Everything else (the tap 🚰, the pipe) just screws onto this piece. The tank connector is the part that does the real magic: ✨ it creates the waterproof seal against the container wall.

How It Works: The "Sandwich" Method 🥪

A tank connector is simple but very clever. It comes in two main parts, plus one or two rubber gaskets (washers):

  1. The Main Body: This is the long, threaded part. This part goes on the inside of your bin.
  2. The Rubber Gasket(s): This is the most important bit for stopping leaks! 🤫 It’s a soft rubber ring.
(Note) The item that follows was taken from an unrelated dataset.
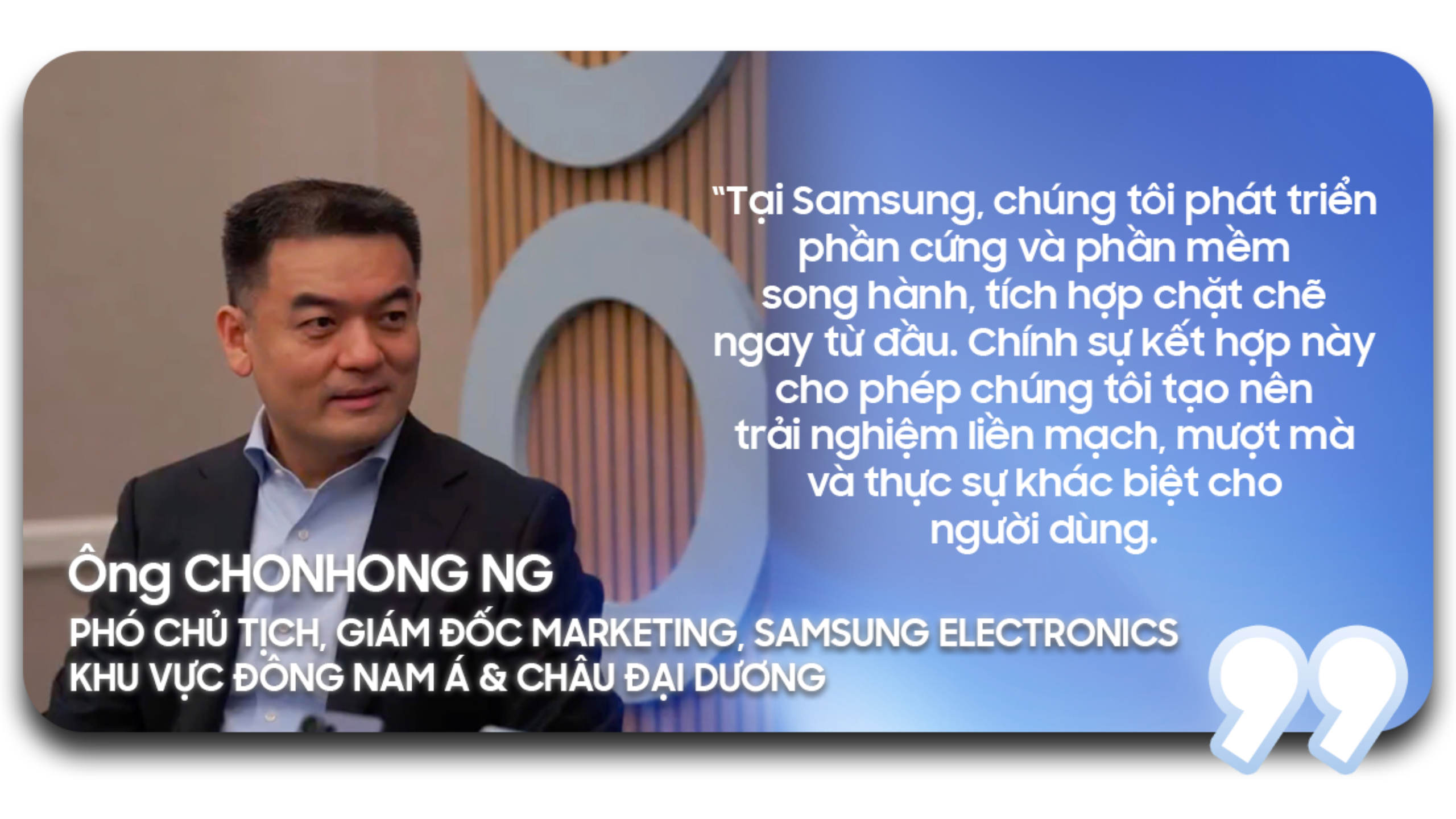 Ông ChonHong Ng - Phó Chủ tịch, Giám đốc Marketing, Samsung Electronics khu vực Đông Nam Á & Châu Đại Dương: “Theo quan điểm của chúng tôi, A.I. và phần cứng có vai trò quan trọng ngang nhau. Khi A.I. ngày càng trở nên thiết yếu, vai trò của phần cứng cũng càng được nâng cao, bởi người dùng kỳ vọng thiết bị phải mang lại hiệu suất ổn định, đáng tin cậy, phản hồi nhanh và mượt mà.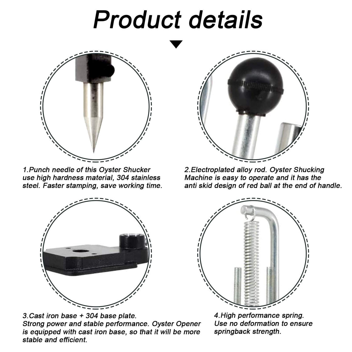 - Q: What materials are used in the construction of this oyster shucker? A: The oyster shucker features a punch needle made of high hardness 304 stainless steel, an electroplated alloy rod, and a cast iron base with a 304 base plate for durability.

One goes on the inside, pressed against the container wall. (Sometimes there is a second one for the outside).
  3. The Backnut (or Locking Nut): 🔩 This is the nut you screw on from the outside.

When you tighten the backnut, it “sandwiches” the container wall between the main body’s gasket on the inside and the backnut on the outside.

Inside Bin ➡️ [Gasket] ➡️ [Container Wall] ➡️ [Backnut] ⬅️ Outside Bin

This “sandwich” pressure squashes the rubber gasket, creating a perfect, watertight seal.

This is exactly why we use the 28mm hole saw! 🕳️ It’s the perfect size for the threaded body of a 3/4″ (20mm) tank connector to pass through, giving the gasket a snug, flat surface to seal against.

Get this part right, and your project is a guaranteed success! 🏆🎉

🤔 Understanding Common PVC Pipe Sizes

When you see PVC pipe sizes like 1/2″ (15mm), 3/4″ (20mm), and 1″ (25mm), it can be confusing 😵 because the numbers don’t seem to match up with a ruler. 📏

The key idea is that these are nominal sizes. This means they are just “names” for the pipe, not its exact physical measurements. The size refers to the approximate inside diameter (the “bore”) of the pipe, which determines its flow capacity. 💧

  • 1/2″ (15mm): This is a small-diameter pipe. It’s typically used for low-flow jobs like a single tap 🚰, a toilet cistern supply, or micro-irrigation feeder lines.

  • 3/4″ (20mm): This is a very common, versatile size. 👍 It offers a good balance of flow and pressure and is widely used for garden hose connections 🌿, main lines for small irrigation systems, and—as in our project—outlets for water containers. 🪣

  • 1″ (25mm): This is a larger-diameter pipe used when you need higher water volume. 🌊 It’s often used for main water supply lines into a property or for the backbone of a larger irrigation system.

✂️ In case you haven't seen a PVC pipe cutter...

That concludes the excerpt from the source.